● **The task**:
Each entry below should be printed exactly, with every image left out.

-------- The data --------

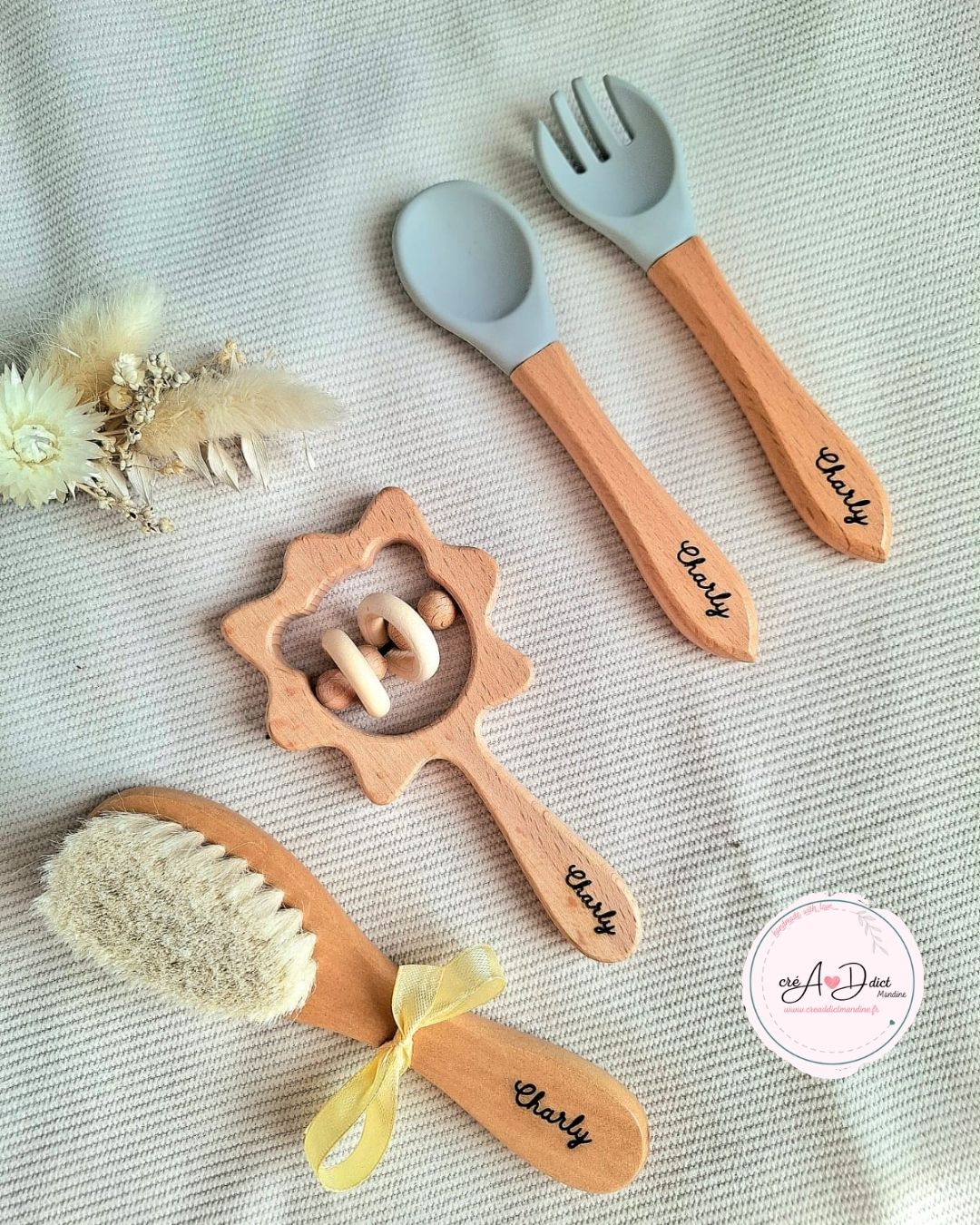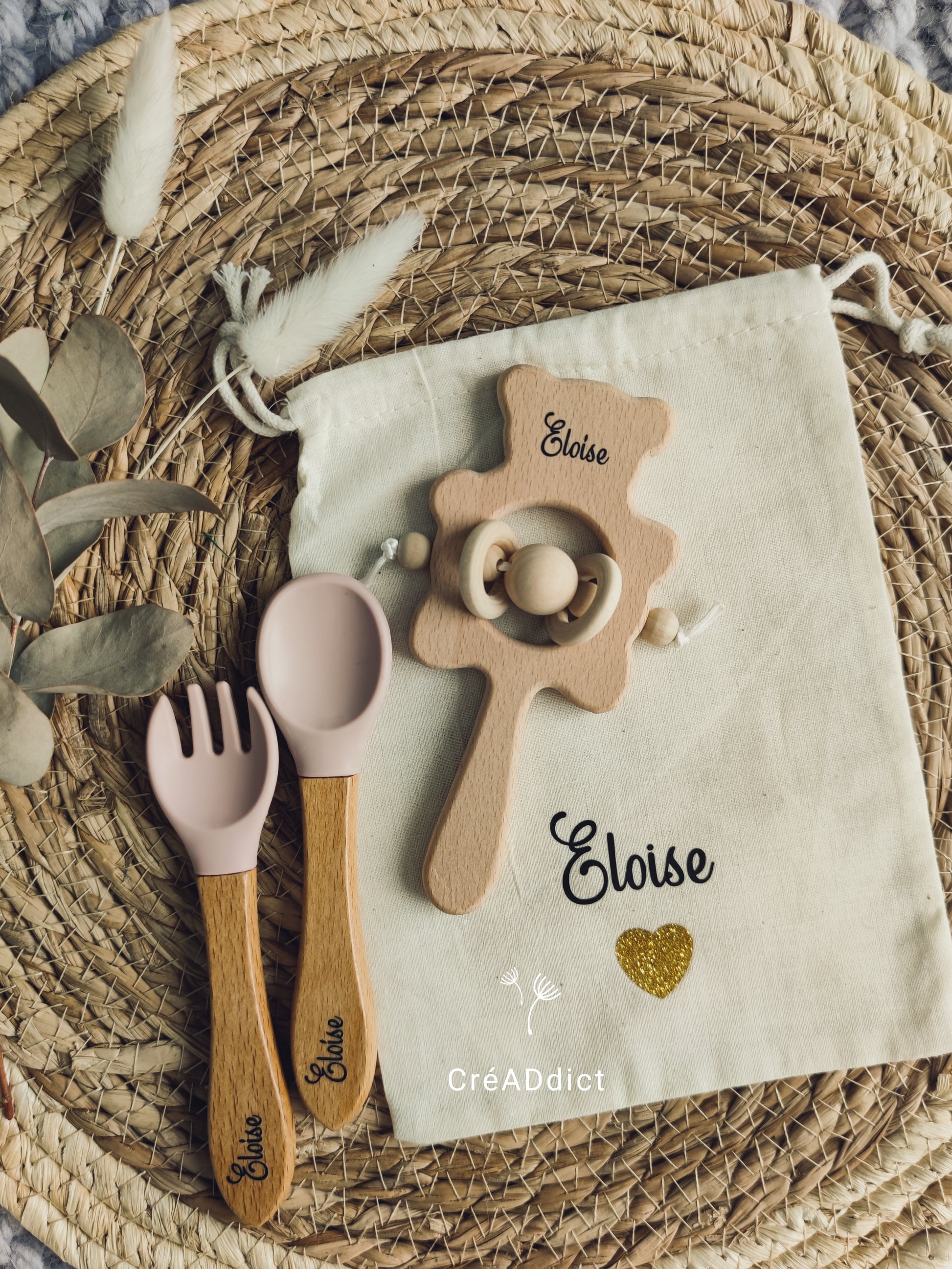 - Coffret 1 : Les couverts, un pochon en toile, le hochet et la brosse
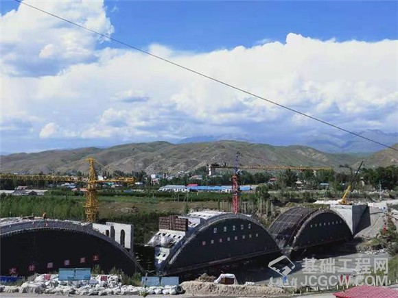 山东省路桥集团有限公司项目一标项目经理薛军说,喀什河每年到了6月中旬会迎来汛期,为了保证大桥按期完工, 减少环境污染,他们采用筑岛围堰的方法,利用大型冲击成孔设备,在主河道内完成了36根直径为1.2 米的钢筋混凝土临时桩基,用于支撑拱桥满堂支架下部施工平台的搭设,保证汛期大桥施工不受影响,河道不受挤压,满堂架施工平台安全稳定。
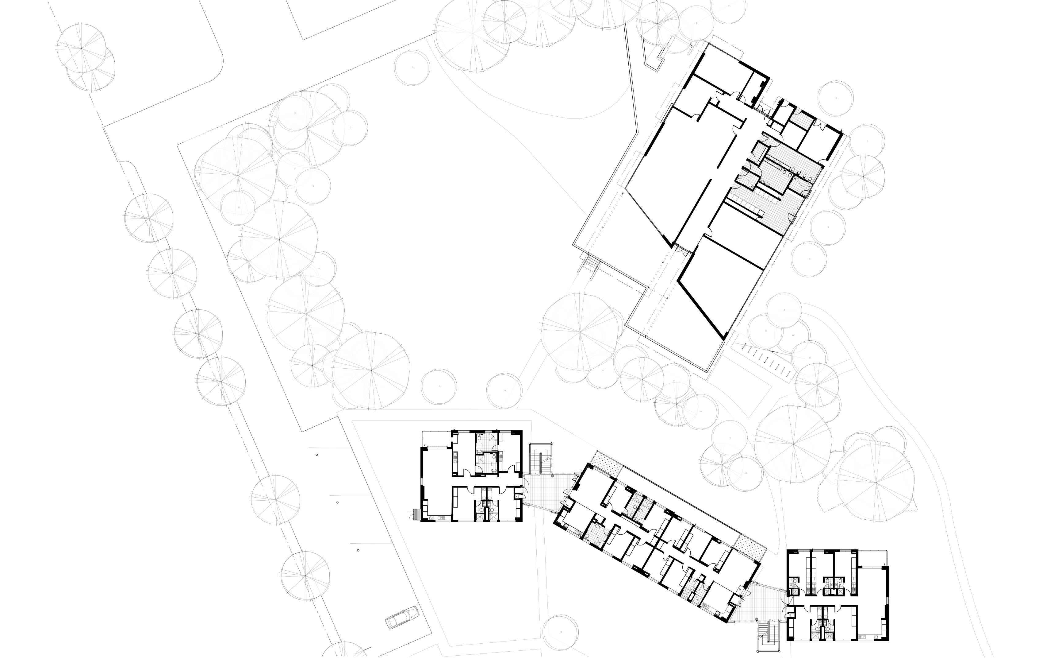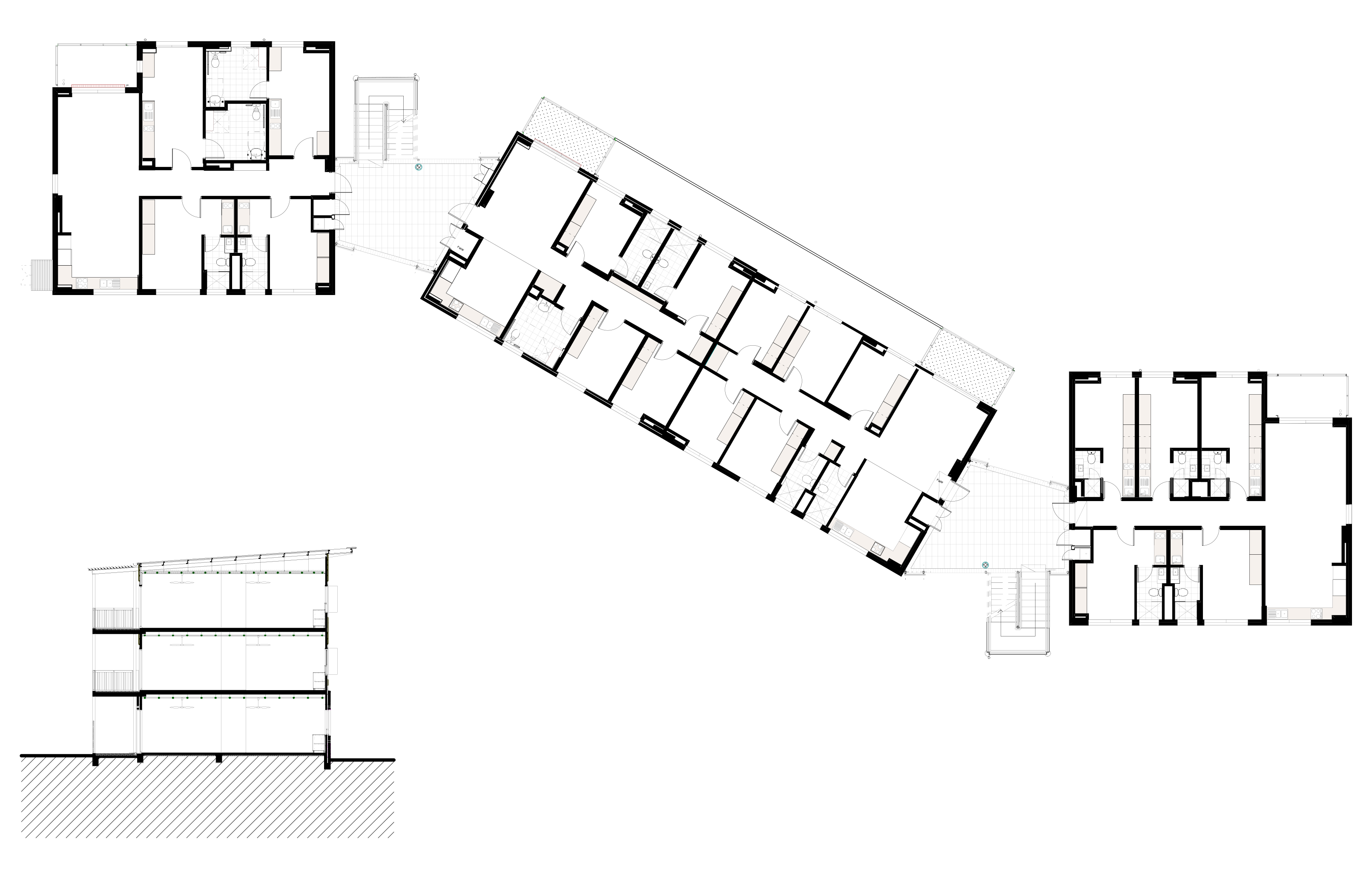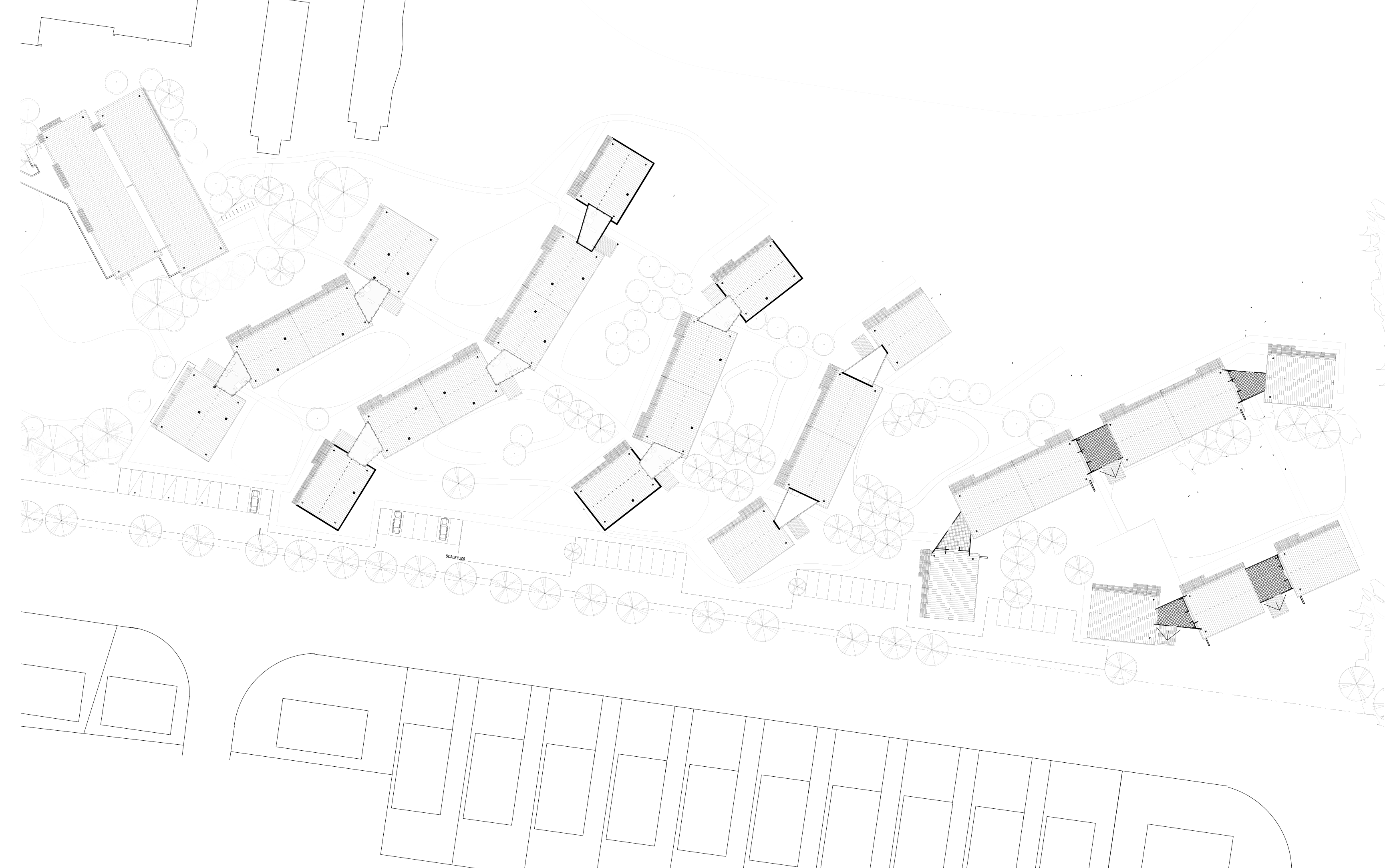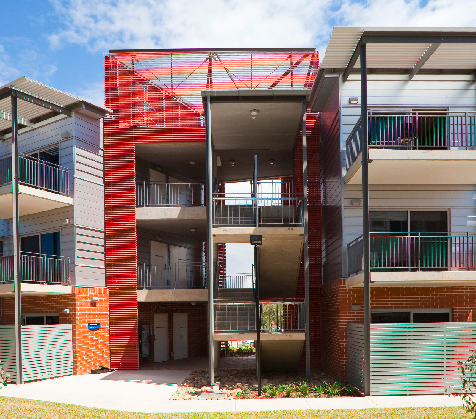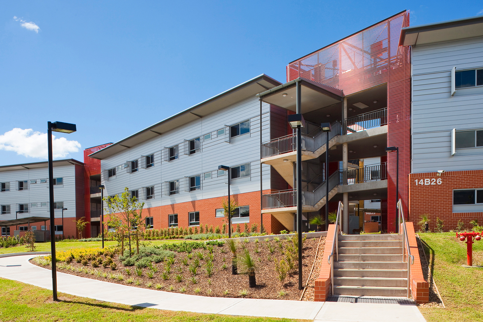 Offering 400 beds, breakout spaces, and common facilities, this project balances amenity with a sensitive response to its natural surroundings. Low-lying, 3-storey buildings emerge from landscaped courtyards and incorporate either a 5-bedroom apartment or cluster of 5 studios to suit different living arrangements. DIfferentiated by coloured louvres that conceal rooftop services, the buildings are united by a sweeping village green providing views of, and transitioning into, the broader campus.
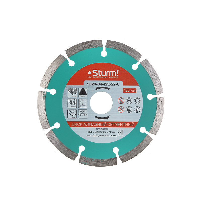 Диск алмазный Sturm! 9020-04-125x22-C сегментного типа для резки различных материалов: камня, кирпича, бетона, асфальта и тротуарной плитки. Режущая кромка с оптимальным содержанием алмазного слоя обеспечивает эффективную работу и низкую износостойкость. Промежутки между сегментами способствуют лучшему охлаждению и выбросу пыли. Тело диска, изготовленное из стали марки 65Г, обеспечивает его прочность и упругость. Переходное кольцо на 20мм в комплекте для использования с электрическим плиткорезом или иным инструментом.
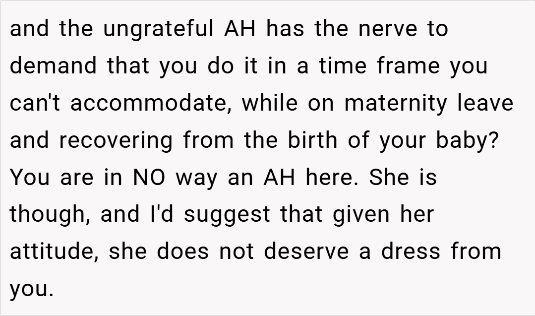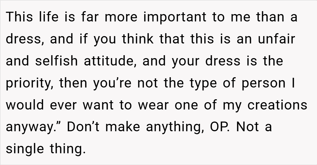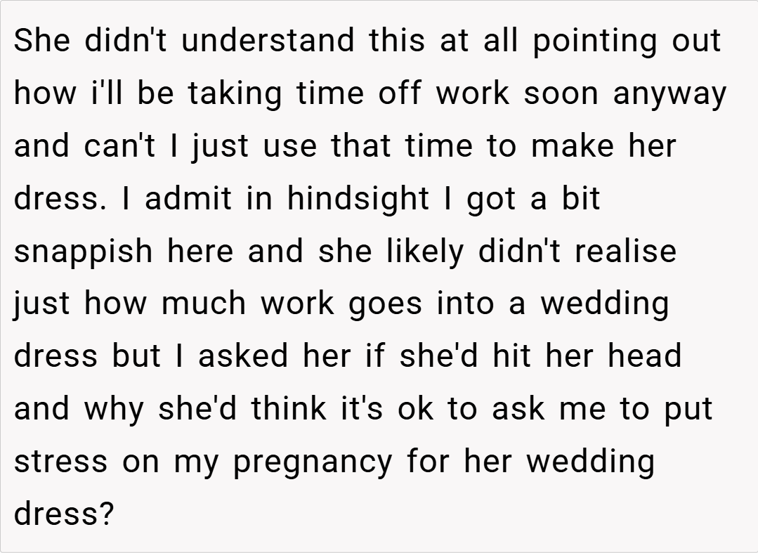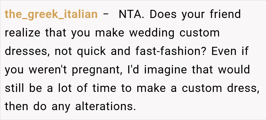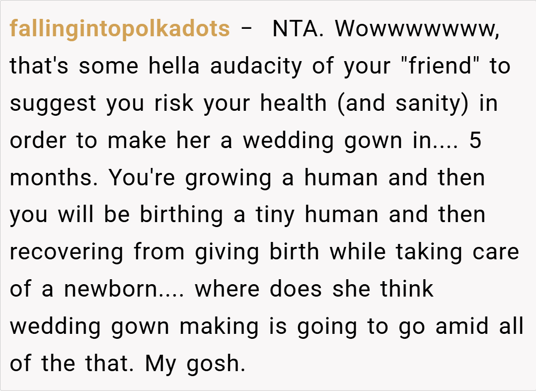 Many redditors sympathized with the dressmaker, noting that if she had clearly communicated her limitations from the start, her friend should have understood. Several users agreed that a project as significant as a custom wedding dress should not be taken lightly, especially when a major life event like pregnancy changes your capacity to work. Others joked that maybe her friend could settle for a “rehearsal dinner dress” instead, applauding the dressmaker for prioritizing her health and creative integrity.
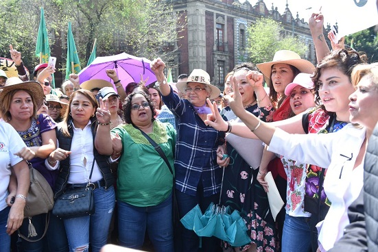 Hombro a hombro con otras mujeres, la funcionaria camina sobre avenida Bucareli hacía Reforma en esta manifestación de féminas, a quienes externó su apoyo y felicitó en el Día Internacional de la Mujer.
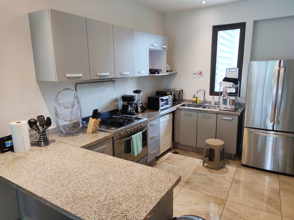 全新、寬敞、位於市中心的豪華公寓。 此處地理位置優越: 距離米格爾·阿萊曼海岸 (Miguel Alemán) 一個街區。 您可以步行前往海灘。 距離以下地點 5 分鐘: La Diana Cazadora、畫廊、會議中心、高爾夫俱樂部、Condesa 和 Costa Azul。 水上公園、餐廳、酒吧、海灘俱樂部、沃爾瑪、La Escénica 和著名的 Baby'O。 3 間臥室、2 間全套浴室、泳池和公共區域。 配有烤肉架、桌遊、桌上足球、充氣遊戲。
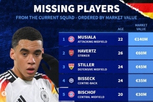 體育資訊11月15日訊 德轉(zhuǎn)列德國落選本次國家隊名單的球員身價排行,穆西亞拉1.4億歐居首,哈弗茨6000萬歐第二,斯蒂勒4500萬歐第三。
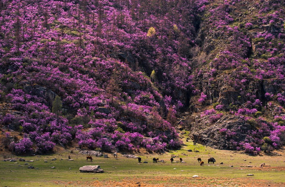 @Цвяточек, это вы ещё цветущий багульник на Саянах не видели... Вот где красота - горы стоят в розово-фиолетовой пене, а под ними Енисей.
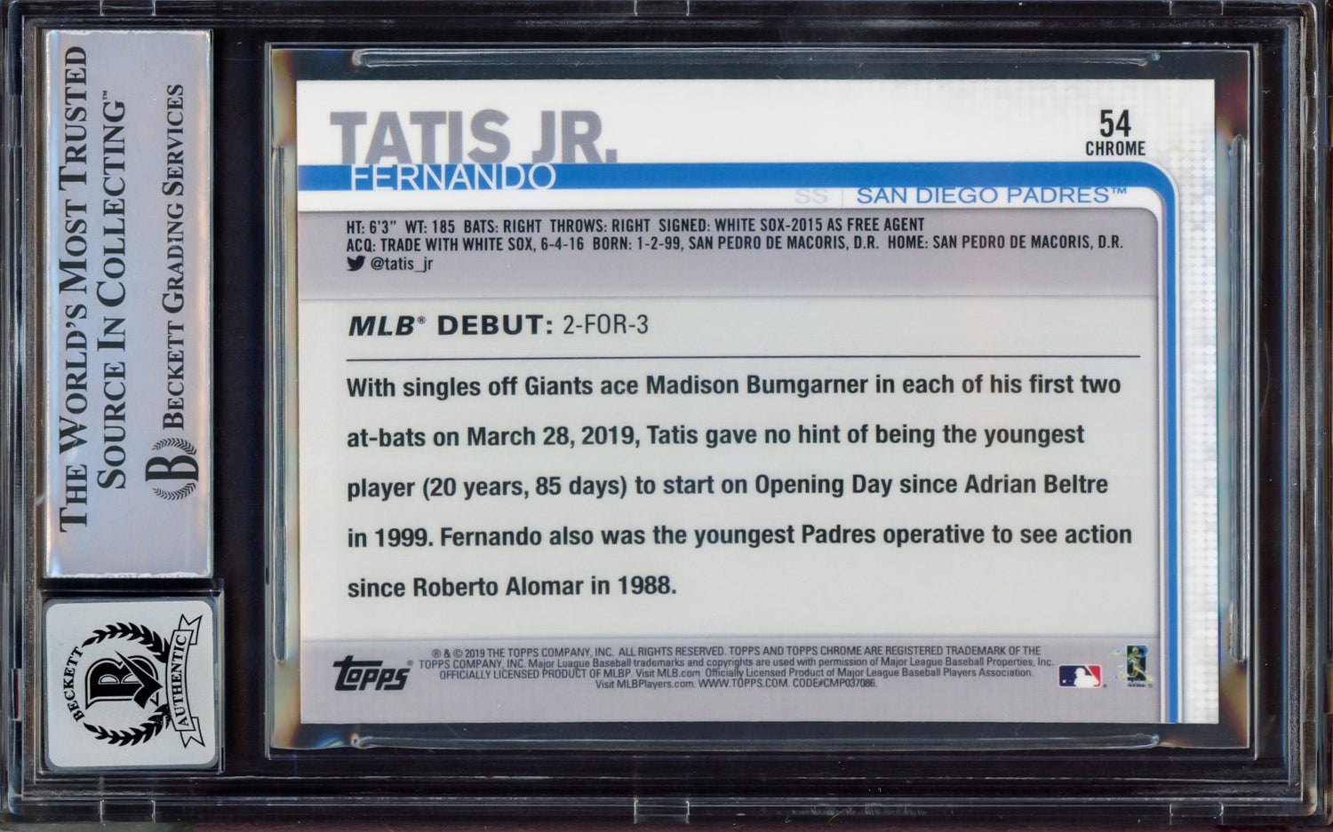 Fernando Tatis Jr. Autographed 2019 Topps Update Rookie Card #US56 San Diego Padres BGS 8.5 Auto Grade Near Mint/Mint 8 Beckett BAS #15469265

--------

● **Solution below**:
 - Coffret 1 : Les couverts, un pochon en toile, le hochet et la brosse
 山东省路桥集团有限公司项目一标项目经理薛军说,喀什河每年到了6月中旬会迎来汛期,为了保证大桥按期完工, 减少环境污染,他们采用筑岛围堰的方法,利用大型冲击成孔设备,在主河道内完成了36根直径为1.2 米的钢筋混凝土临时桩基,用于支撑拱桥满堂支架下部施工平台的搭设,保证汛期大桥施工不受影响,河道不受挤压,满堂架施工平台安全稳定。
 Offering 400 beds, breakout spaces, and common facilities, this project balances amenity with a sensitive response to its natural surroundings. Low-lying, 3-storey buildings emerge from landscaped courtyards and incorporate either a 5-bedroom apartment or cluster of 5 studios to suit different living arrangements. DIfferentiated by coloured louvres that conceal rooftop services, the buildings are united by a sweeping village green providing views of, and transitioning into, the broader campus.
 Диск алмазный Sturm! 9020-04-125x22-C сегментного типа для резки различных материалов: камня, кирпича, бетона, асфальта и тротуарной плитки. Режущая кромка с оптимальным содержанием алмазного слоя обеспечивает эффективную работу и низкую износостойкость. Промежутки между сегментами способствуют лучшему охлаждению и выбросу пыли. Тело диска, изготовленное из стали марки 65Г, обеспечивает его прочность и упругость. Переходное кольцо на 20мм в комплекте для использования с электрическим плиткорезом или иным инструментом.
 Many redditors sympathized with the dressmaker, noting that if she had clearly communicated her limitations from the start, her friend should have understood. Several users agreed that a project as significant as a custom wedding dress should not be taken lightly, especially when a major life event like pregnancy changes your capacity to work. Others joked that maybe her friend could settle for a “rehearsal dinner dress” instead, applauding the dressmaker for prioritizing her health and creative integrity.
 Hombro a hombro con otras mujeres, la funcionaria camina sobre avenida Bucareli hacía Reforma en esta manifestación de féminas, a quienes externó su apoyo y felicitó en el Día Internacional de la Mujer.
 全新、寬敞、位於市中心的豪華公寓。 此處地理位置優越: 距離米格爾·阿萊曼海岸 (Miguel Alemán) 一個街區。 您可以步行前往海灘。 距離以下地點 5 分鐘: La Diana Cazadora、畫廊、會議中心、高爾夫俱樂部、Condesa 和 Costa Azul。 水上公園、餐廳、酒吧、海灘俱樂部、沃爾瑪、La Escénica 和著名的 Baby'O。 3 間臥室、2 間全套浴室、泳池和公共區域。 配有烤肉架、桌遊、桌上足球、充氣遊戲。
 體育資訊11月15日訊 德轉(zhuǎn)列德國落選本次國家隊名單的球員身價排行,穆西亞拉1.4億歐居首,哈弗茨6000萬歐第二,斯蒂勒4500萬歐第三。
 @Цвяточек, это вы ещё цветущий багульник на Саянах не видели... Вот где красота - горы стоят в розово-фиолетовой пене, а под ними Енисей.
 Fernando Tatis Jr. Autographed 2019 Topps Update Rookie Card #US56 San Diego Padres BGS 8.5 Auto Grade Near Mint/Mint 8 Beckett BAS #15469265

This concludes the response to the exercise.